El mundo que los aventureros recorrían en aquellos años era un tapiz de maravillas y horrores entretejidos con una complejidad que desafiaba cualquier narrativa simple de bien contra mal. Desde las cumbres nevadas de Dun Morogh, donde los enanos excavaban ruinas de los Titanes que contenían secretos sobre los orígenes mismos de la vida en Azeroth, hasta las selvas húmedas de Feralas donde los ogros y los elfos de la noche mantenían una coexistencia tensa entre ruinas de civilizaciones que precedían a ambas razas; desde las arenas abrasadoras de Tanaris donde las arenas del tiempo fluían caprichosamente alrededor de la Caverna del Tiempo custodiada por el vuelo de bronce, hasta los pantanos pestilentes de la Ciénaga de Polvoriento donde los cocodrilos y las brujas del pantano disputaban el dominio del fango a los exploradores lo bastante valientes o insensatos como para adentrarse en ellos: cada rincón de Azeroth contenía una historia, un secreto, una amenaza o una promesa que aguardaba a ser descubierta por quienes tuvieran el coraje de buscarla. Las mazmorras del mundo eran las fauces de un organismo enfermo, conductos que descendían hacia el corazón de los males que infestaban la tierra: las Minas de la Muerte, donde la Hermandad de los Defias, un gremio de ladrones formado por los albañiles que habían reconstruido Ventormenta y a quienes la nobleza corrupta había negado su pago, planeaba una revolución que habría sumido a la ciudad en el caos; Zul'Farrak, la ciudad troll en ruinas del desierto de Tanaris donde los trolls Sangre de Arena realizaban rituales que amenazaban con despertar poderes que incluso ellos no podían controlar; las Profundidades de Roca Negra, donde los enanos Hierro Negro, esclavos de Ragnaros, forjaban armas para un ejército que aguardaba el momento de desatar el fuego sobre el mundo.

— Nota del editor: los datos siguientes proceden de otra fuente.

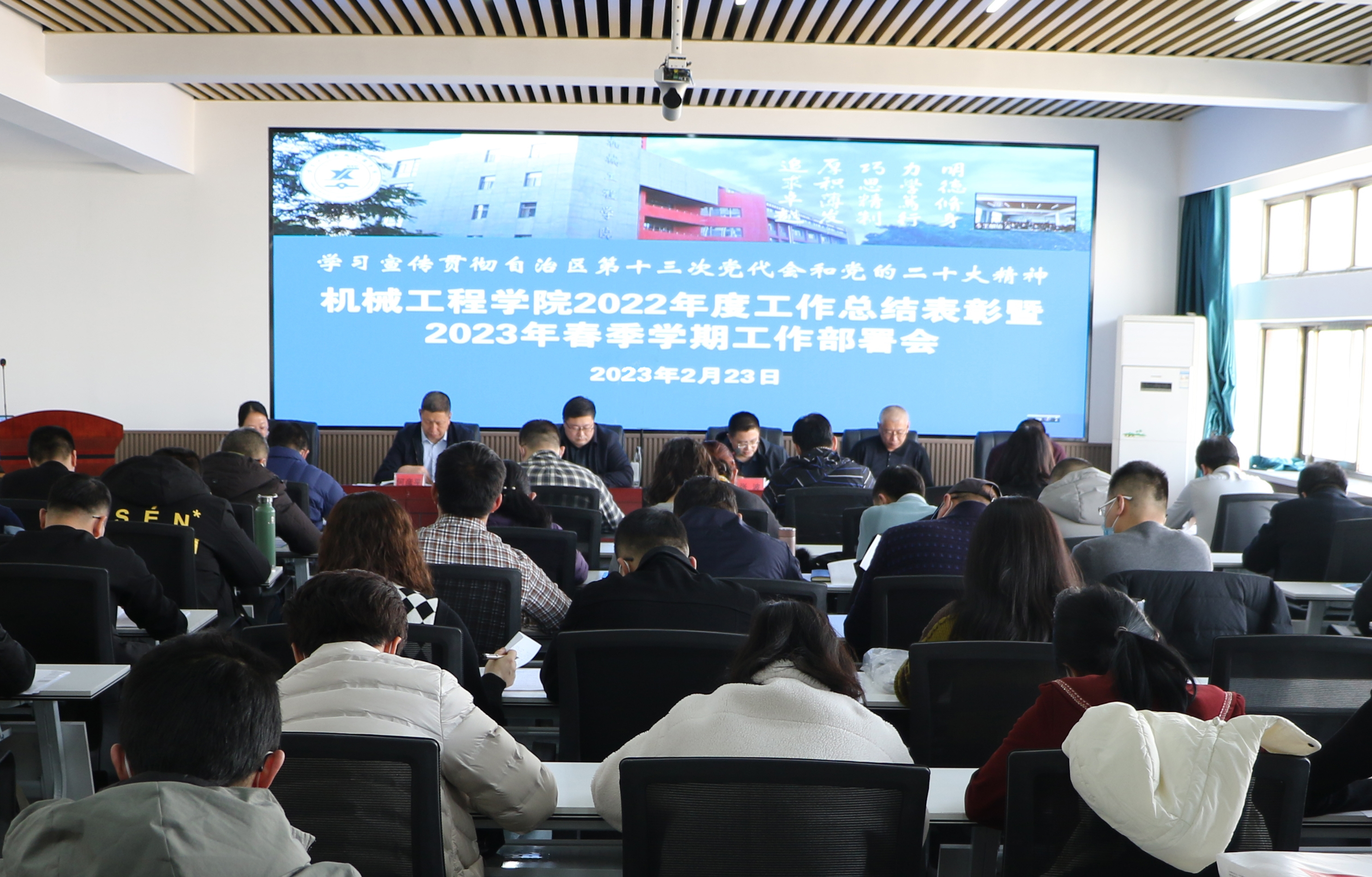 程胜利在总结讲话中讲到,学院将切实把思想和行动统一到深入学习宣传贯彻习近平新时代中国特色社会主义思想和党的二十大精神及自治区第十三次党代会精神上来,在全面学习、全面把握、全面落实上下功夫,把学习贯彻落实习近平新时代中国特色社会主义思想作为根本,贯穿实践,指导工作,推动党的二十大精神在全院落地生根、开花结果。他希望全院教职工面对学校综合改革,要凝聚力量上下齐心,瞄准目标任务,按照学院各项工作部署要求和2023年重点工作,扎实推进各项工作取得实效,全力推动学院各项事业取得新突破。

Azeroth giraba lentamente bajo un cielo que contenía tanto estrellas como amenazas, un mundo cuya belleza era inseparable de su peligro, cuya historia era un palimpsesto de creación y destrucción escrito una y otra vez por razas que nacían, luchaban, caían y se levantaban con una terquedad que era, quizás, la cualidad más definitoria de la vida en aquel mundo extraordinario y terrible. La era que los historiadores llamarían después la era del mundo dividido no fue un período de paz ni de guerra sino algo más complejo y más humano que ambos: fue una era de transición, un tiempo de respirar entre catástrofes, un paréntesis en el que los pueblos de Azeroth intentaron reconstruir lo que habían perdido mientras las fuerzas que habrían de destruirlo de nuevo se reunían en los márgenes de la percepción, en las profundidades de la tierra, en los cielos del norte donde la Corona de Hielo seguía brillando con una luz fría que era visible solo para los ojos de los muertos. El Rey Exánime aguardaba en su trono, y su paciencia era la de quien sabe que la muerte siempre gana al final, que cada ser vivo es un soldado futuro de su ejército, que la única pregunta no es si el mundo caerá ante el Flagelo sino cuándo. Los Dioses Antiguos susurraban desde sus prisiones, corrompiendo sueños y voluntades con una constancia que era geológica en su escala temporal. La Legión Ardiente, derrotada pero no destruida, lamía sus heridas en los confines del Vacío Abisal mientras planeaba su próximo asalto contra un mundo que se había atrevido a resistir. Y entre todas estas fuerzas titánicas, las pequeñas criaturas mortales que habitaban Azeroth, los orcos y los humanos, los elfos y los enanos, los tauren y los trolls y los gnomos y los no-muertos, continuaban viviendo sus vidas con la ferocidad y la ternura de quienes saben, en algún rincón de su consciencia, que cada amanecer podría ser el último, y que eso, lejos de restarle valor a la existencia, era precisamente lo que la hacía preciosa.